→ Your instructions: Copy the lines below as they are; omit the images they contain.

→ Study material:

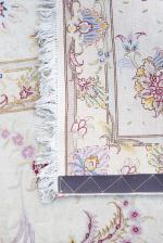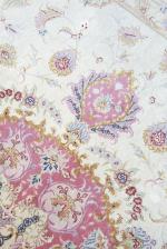 Tapis Kirman à médaillon central floral en croix sur champ jaune puis rose arrondi et champ principal à rinceaux de lotus sur champ beige, bordure principale d'une guirlande de fleurs et lotus sur champ beige.
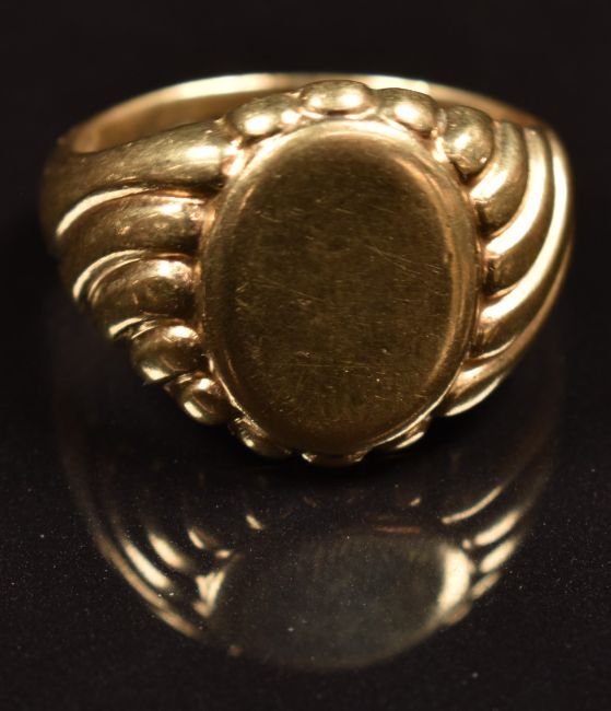 A 9ct gold signet ring with ridged shoulder decoration, 8.9g, size M
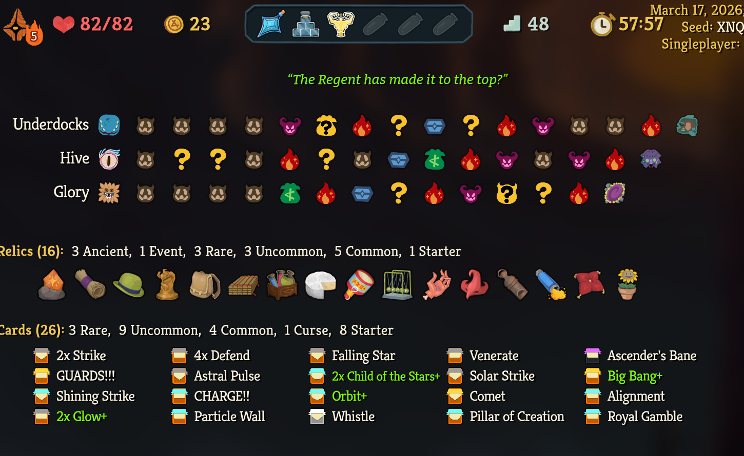 >first time playing regent>get the godrun with op as fuck relics>clear everything easily>think im the regent god>play for hours last night>only beat the act 1 boss once
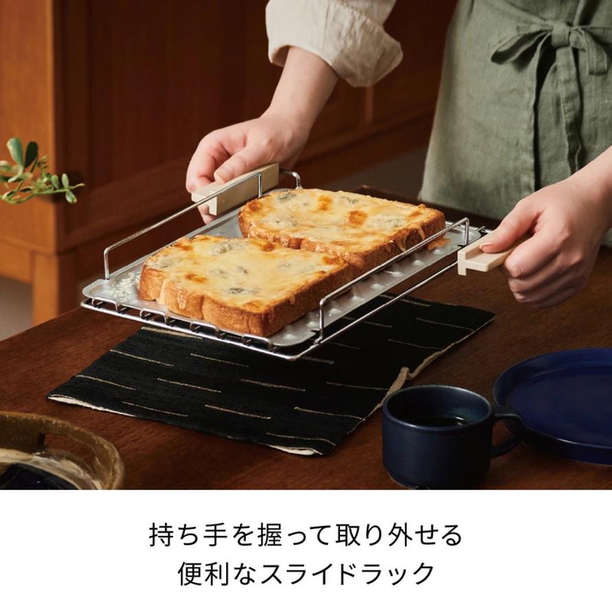 加えて、このモデル最大の発明がラックごと取り外せるスライドラック構造。取っ手は熱くなりにくく、焼きたてのパンをそのままダイニングへ運べます。皿に移す手間も、熱々に触れてしまう心配もなし。キッチンと食卓の移動までを含めて設計された、まさに“暮らしファースト”な1台です
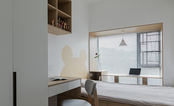 兒童房用原木+灰色搭配,溫馨有助睡眠,榻榻米的設(shè)計(jì)很是實(shí)用,收納實(shí)力很強(qiáng)。
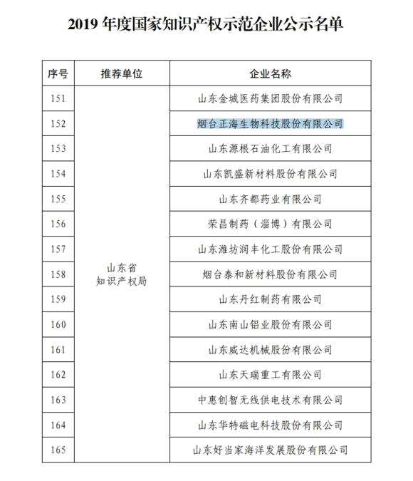 2019年11月29日,國(guó)家知識(shí)產(chǎn)權(quán)局發(fā)布《2019年度國(guó)家知識(shí)產(chǎn)權(quán)優(yōu)勢(shì)示范企業(yè)評(píng)審和復(fù)驗(yàn)結(jié)果公示》,【正海生物(300653)、股吧】(300653)名列其中。

→ Answer to this task:
 Tapis Kirman à médaillon central floral en croix sur champ jaune puis rose arrondi et champ principal à rinceaux de lotus sur champ beige, bordure principale d'une guirlande de fleurs et lotus sur champ beige.
 A 9ct gold signet ring with ridged shoulder decoration, 8.9g, size M
 >first time playing regent>get the godrun with op as fuck relics>clear everything easily>think im the regent god>play for hours last night>only beat the act 1 boss once
 加えて、このモデル最大の発明がラックごと取り外せるスライドラック構造。取っ手は熱くなりにくく、焼きたてのパンをそのままダイニングへ運べます。皿に移す手間も、熱々に触れてしまう心配もなし。キッチンと食卓の移動までを含めて設計された、まさに“暮らしファースト”な1台です
 兒童房用原木+灰色搭配,溫馨有助睡眠,榻榻米的設(shè)計(jì)很是實(shí)用,收納實(shí)力很強(qiáng)。
 2019年11月29日,國(guó)家知識(shí)產(chǎn)權(quán)局發(fā)布《2019年度國(guó)家知識(shí)產(chǎn)權(quán)優(yōu)勢(shì)示范企業(yè)評(píng)審和復(fù)驗(yàn)結(jié)果公示》,【正海生物(300653)、股吧】(300653)名列其中。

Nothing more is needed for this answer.